Momentous changes ahead for the tropics
The world's tropical regions will be the epicenter of change in global economies, population growth, and environment. That's the take-home message of a groundbreaking report that forecasts massive changes this century in the tropics.
The ambitious State of the Tropics Report was launched last week in Burma and Singapore, in a special televised event.
The report was kicked off by Nobel Laureate and Burmese leader Aung San Suu Kyi with assistance from Sandra Harding, the Vice-Chancellor of James Cook University in Australia, and a panel of experts that included ALERT director Bill Laurance.

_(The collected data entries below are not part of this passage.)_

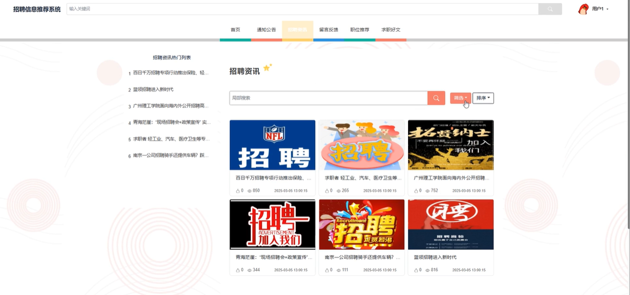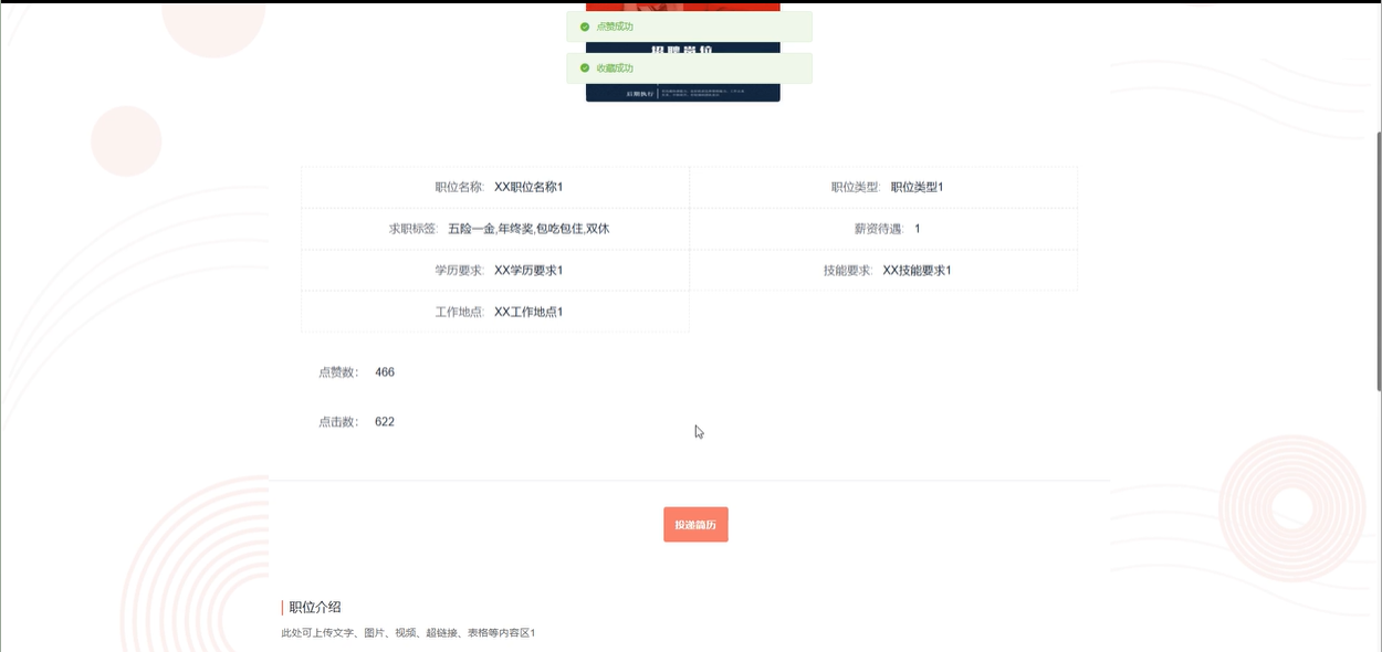 资源管理:管理员可以管理招聘资讯和资讯分类,包括查看、修改、删除、添加等操作。管理员可通过这一功能优化网站的资源分类,提升用户体验。
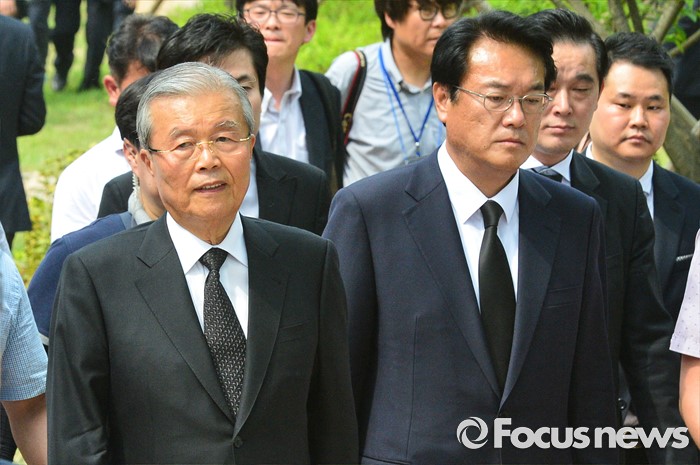 (김해=포커스뉴스) 23일 오후 경남 김해 봉하마을에서 엄수된 故 노무현 전 대통령 서거 7주기 추도식에 정진석(오른쪽) 새누리당 원내대표, 김종인 더불어민주당 비대위 대표가 참석하고 있다.
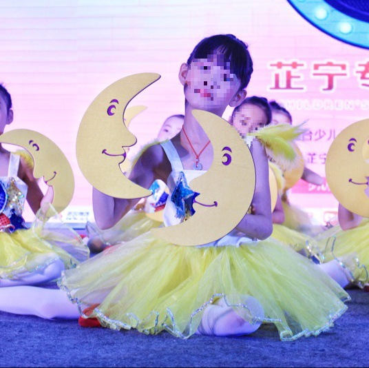 手に月の小道具を添えた子供たちの幼稚園のダンスパフォーマンス、月光のおとぎ話の庭の星のコーラスパフォーマンス

Produced by a coalition of 12 universities and research institutes from the Asia-Pacific, Africa, and Latin America, the State of the Tropics report sees dramatic changes ahead for the world's tropical regions:
- by the latter part of this century, the population of tropical nations will swell by over 3 billion additional people, with Africa's population nearly quadrupling
- food demand in tropical and developing nations will double by mid-century
- by 2050, two-thirds of all children will live in the tropics
- land-use pressures will intensify sharply because of a dire need to increase food and biofuel production in the tropics
- as the century unfolds, tropical nations will increasingly be the centers of global economic growth and also rising geopolitical conflicts over land, water, and natural resources
- the tropics sustains 80% of all species, many of which will be imperiled by rising habitat loss, climate change, and other perils.
The State of the Tropics report is the first comprehensive effort to project change across the entire tropical region -- which will increasingly become a key driver of social, economic, and environmental change globally.